Это говорил Колесников.

– Напугал, черт косматый! Я думал – ты ушел.

Филимон подошел к столу, зажег лампу – электричества тогда не было еще. Пока зажигал, тень от его всклокоченной головы, заросшей крепкими, как проволока, волосами, торопливо металась по стене. Потом кинул на председателя свой мягкий, немного с грустным прищуром взгляд:

– Ну? Вижу ведь – точит что-то внутри. А от думы да угрюма первое лекарство – дележ пополам.

– Скажи-ка, что ты о Морозове думаешь? – спросил Большаков.

– Об Устине? Да что о нем думать? Не девка…

Колесников молча вернулся на свое место, в угол. Свет от лампы на столе резал глаза. Захар почти не видел Филимона и переставил лампу на другой конец стола.
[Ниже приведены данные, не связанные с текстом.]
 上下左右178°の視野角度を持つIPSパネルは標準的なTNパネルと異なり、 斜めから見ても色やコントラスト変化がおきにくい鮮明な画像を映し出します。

– Понимаешь, Филимон… Не кажется тебе: есть в Морозове что-то такое… чего не видим мы…

– Так и в Курганове Фроле есть, – проговорил Филимон. – Тот вообще… глаза от людей воротит. Везти везет, а голову всю жизнь набок, как пристяжная. Черт его разберет почему! С чудинкой человек…

– Да-а, – шевельнулся Захар, – у каждого из нас своя чудинка. Иначе тихая жизнь была бы, как стоячее болото. Только когда непонятно, что за чудинка, отчего она, – беспокойно как-то.

– А у Фрола отчего, знаешь? А ведь незаметно, чтоб сильно беспокоился.

– Ну-у… Фрол что? Если, допустим, оступишься где, Фрол ничего, может, и не скажет вслух, только ухмыльнется злорадно. Отворотит морду и еще раз усмехнется. Все на виду. И, кроме того, привык я к этому… – Захар помолчал и продолжал: – Он всю жизнь надо мной ухмыляется. Что ж, видно, не переваривает меня… А Устин обязательно посочувствует, поможет в беде. А про себя… про себя он тоже не ухмыльнется ли? Вот… Понял?

И Захар облегченно вздохнул, точно высказал наконец ту мысль, которая маячила, маячила где-то глубоко, беспокоила его уже не один год.

– Вот что я хотел сказать, – снова проговорил Захар уже просто и отчетливо. – Вот и сегодня, к примеру… Не показалось тебе, что Устин говорил одно, а сам сидел и думал: «Ага, доруководились, слава Богу, с вашей Натальей…»? А? Не уловил?

Неуклюжий, угловатый Филимон Колесников поднялся, потоптался на месте, скрипя половицами.

– Черт!.. Живешь-живешь, а потом и открывается самому себе: да ведь ты сундук сундуком.

Сел, положил на колени узловатые руки с въевшейся землей, будто собирался фотографироваться. Потом снова встал.

– Нет, Захар, уловить не уловил, – неожиданно огорошил Колесников Большакова. И так же неожиданно заявил: – Но ты это верно сказал. До корня, однако, копнул, язви тебя!

– Ну как же до корня, когда ты не уловил? – разочарованно протянул Захар.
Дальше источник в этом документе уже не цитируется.